Тварь вытянула бесчисленные жадные щупальца.
И нашла… ничто.
И раздался голос смертного…
.. еще три слова Цеды, сказанные ясно и спокойно. — Вот и попался.
Ложь! Иллюзия! Обман! Демон взъярился, метнулся, вздымая облака ила, отыскивая путь назад — и обнаружил, что устье пещеры запечатано. Твердая гладь, холодная, обжигающая морозом. Демон отпрянул. Там, наверху, озеро. Вверх… быстрее…
Урсто Хоботт и его временная подружка Пиношель напились, ожидая падения Летераса. Они пели, восхваляя конец эпохи долгов, развалившись на скользкой набережной Обжитого Озера. Соседями им были нервные крысы и дергающие шеями голуби.
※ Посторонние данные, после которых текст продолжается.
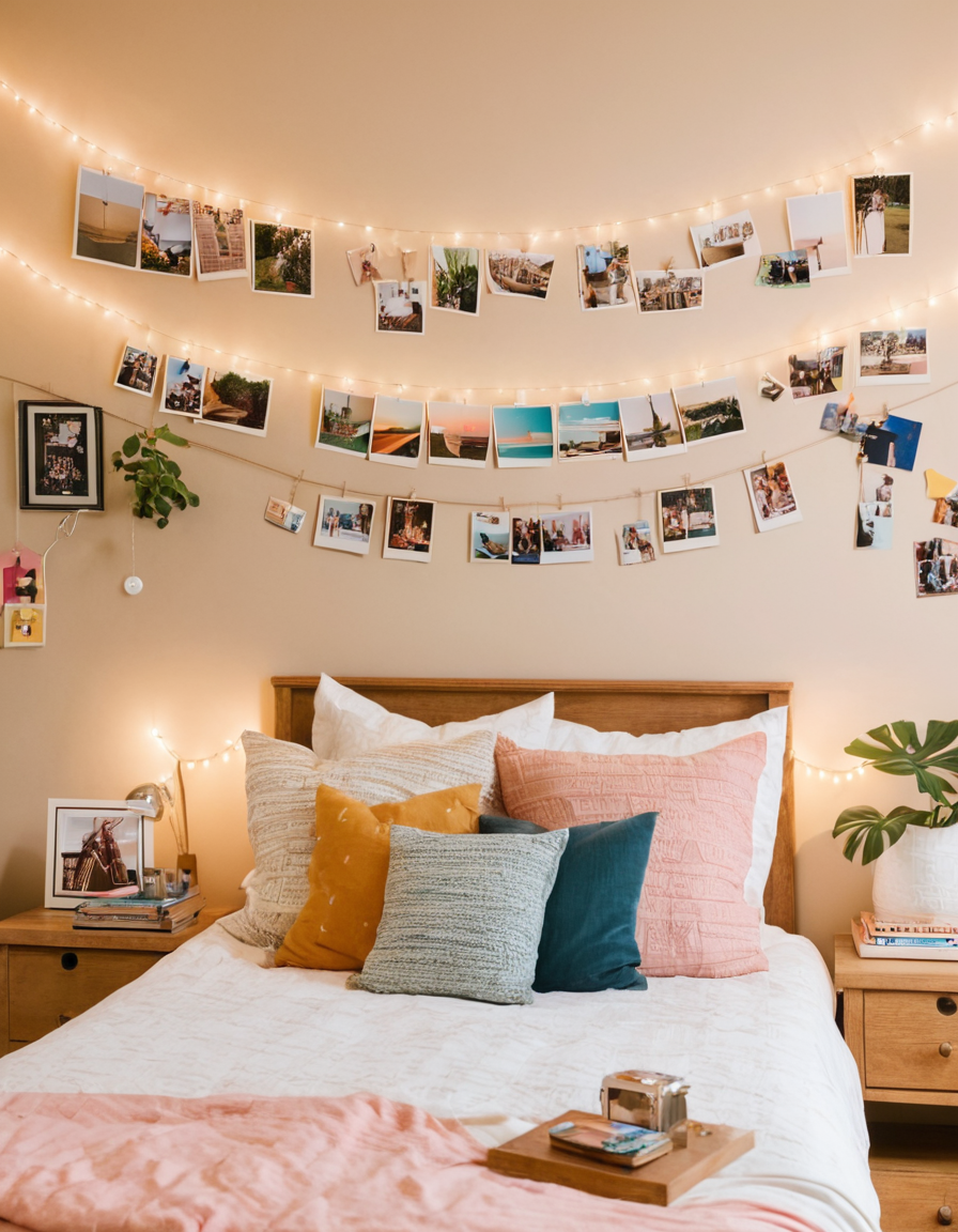 In a dorm room, there is nothing that can compete with photo collages when it comes to making it feel like home. Be it Allen, Ruth, Samantha or a candid moment that you treasure the most, the photo you have. This easy DIY decor idea that is to add your personal memories to the wall space is customization. To be more creative, you can use string lights, a grid panel, or corkboards to arrange your photos in order to make them more interesting and visually appealing. It’s a pocket-friendly idea to enhance the aesthetic of your room and at the same time, it stands out to be the only one of its kind in that aspect. You can get a collage with preppy or boho details for more style onto the room.
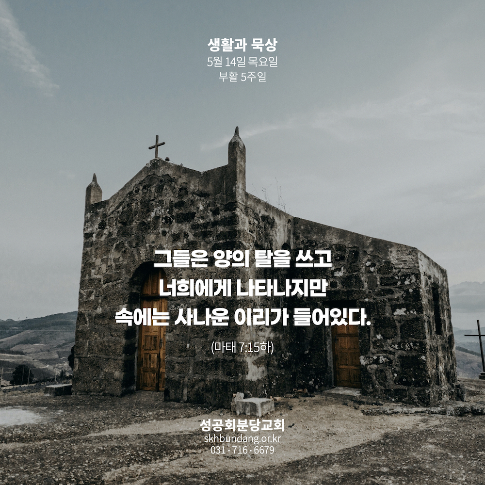 주님의 말씀을 실천한다는 것. 그것은 거친 선동이 아니라 여린 사랑이라 믿습니다 배제와 혐오가 아니라 인정과 이해로부터 비롯되는 것이라 믿습니다. 우리의 신앙이 좀더 여리고 약한 것에 대한 연민으로 가득 차 있다면, 세찬 풍랑이나 늑대의 선동 따위가 우리를 위협하지는 못 할 것입니다.

Прикончив все вино, они начали ругаться.
Вначале Пиношель испустила долгий вздох и невинным тоном сказала: — Теперь можешь на мне жениться.
Не сразу ее слова были осознаны. Наконец приятель поднял воспаленные глаза. — Жениться? А чё плохо нам сейчас, Мойтортик?
— Чё плохо? Мне нужна распектабельность, блохастый ты жиряк — тупица. Я заслужила. Распектабельность. Ты возьмешь меня в жены, Урсто Хоботт, как только Эдурианцы кончат нас завоевывать. Женишься!
— Ладно, ладно. Женюсь.
— Когда? — вопросила она, чувствуя подвох.
— Когда… когда… — Ха! У него был ответ…
И в этот момент вонючая, покрытая водорослями поверхность озера раздвинулась перед ними и стала белой. С ледяной глади поднялись тучи.
Над Урсто Хоботтом и Пиношелью повеял свежий ветерок.
Из-под льда раздался глухой, мощный стук, но поверхность даже не треснула.
Урсто Хоботт неверующе раззявил рот. И снова закрыл.
Его плечи опустились. — Сегодня, милая. Женюсь на тебе сегодня же…
Глава 25
Когда боги праха были молоды, они плавали в крови.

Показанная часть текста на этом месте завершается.